Ratio of intensities of two waves is $9:1$ . If these two are superimposed, what is the ratio of maximum and minimum intensities:
A. $3:1$
B. $4:9$
C. $4:1$
D. $1:9$

Answer 1

Hint:In order to answer this question, first we will assume the intensities be ${I_1}\,and\,{I_2}$ and then we will write the ratio between them in terms of their amplitudes.
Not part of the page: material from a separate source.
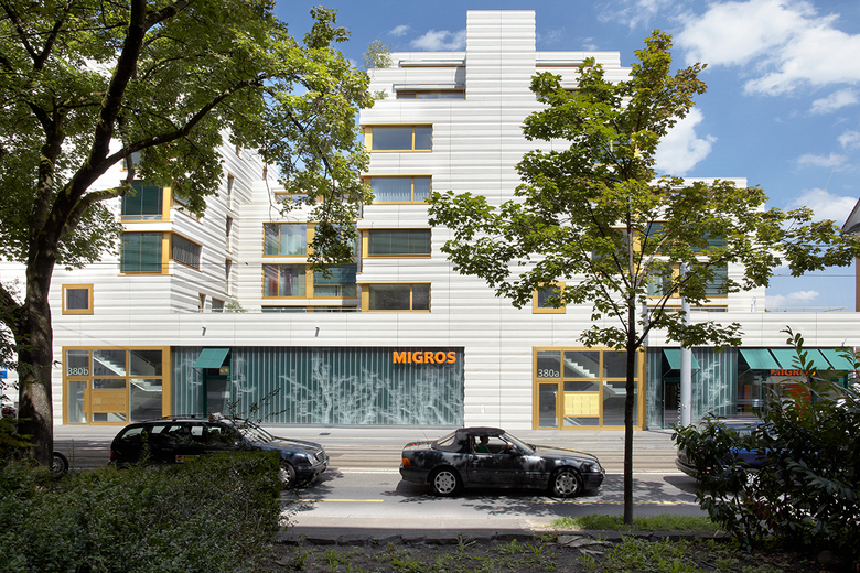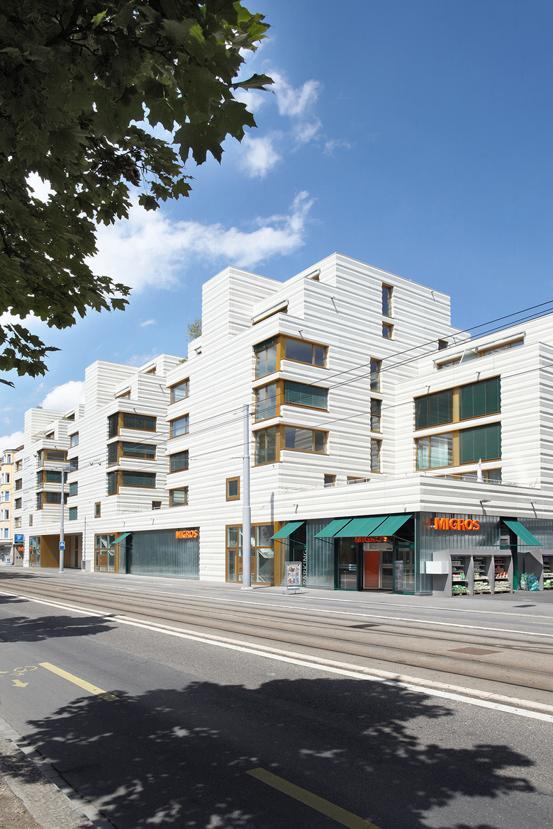 Das ab dem Sockel als sechsgeschossiger Holzbau ausgeführte Wohn- und Geschäftshaus an der Badenerstrasse ist in zweifacher Hinsicht wegweisend. Einerseits als erstes in der Schweiz, nach den Richtlinien der 2000-Watt Gesellschaft errichtetes Gebäude, andererseits als innerstädtischer, struktureller Massivholzbau, der die Bautradition Zürcher Altstadthäuser neu interpretiert.

And then we can find the ratio of maximum and minimum intensities with the help of their amplitudes.

Complete step by step answer:
Given that- Ratio of intensities of two waves is $9:1$.Let the two intensities be ${I_1}\,and\,{I_2}$.So, the ratio between both the intensities are as follow:
$\dfrac{{{I_1}}}{{{I_2}}} = {(\dfrac{{{a_1}}}{{{a_2}}})^2} = \dfrac{9}{1}$
where, ${a_1}\,and\,{a_2}\,$ are the amplitudes of ${I_1}\,and\,{I_2}$ respectively.
$ \Rightarrow {a_1} = 3{a_2}$ ………..eq(i)

Now, the ratio of the Maximum and minimum intensities are as follows:-
$\dfrac{{{I_{\max }}}}{{{I_{\min }}}} = \dfrac{{{{({a_1} + {a_2})}^2}}}{{{{({a_1} - {a_2})}^2}}}$
Now we will use equation(i) in the above equation:-
$ \Rightarrow \dfrac{{{I_1}}}{{{I_2}}} = \dfrac{{{{(3{a_2} + {a_2})}^2}}}{{{{(3{a_2} - {a_2})}^2}}} \\
 \Rightarrow \dfrac{{{I_1}}}{{{I_2}}}= {(\dfrac{{4{a_2}}}{{2{a_2}}})^2} \\
 \therefore \dfrac{{{I_1}}}{{{I_2}}}= \dfrac{4}{1}$
Therefore, the ratio of maximum and minimum intensities is $4:1$.

Hence, the correct option is C.

Note:The intensity of a wave at one distance and the same wave's intensity at a different distance The power per unit area of a wave is characterised as its intensity, and as area varies with distance from the source, intensity is strongly related to power through distance.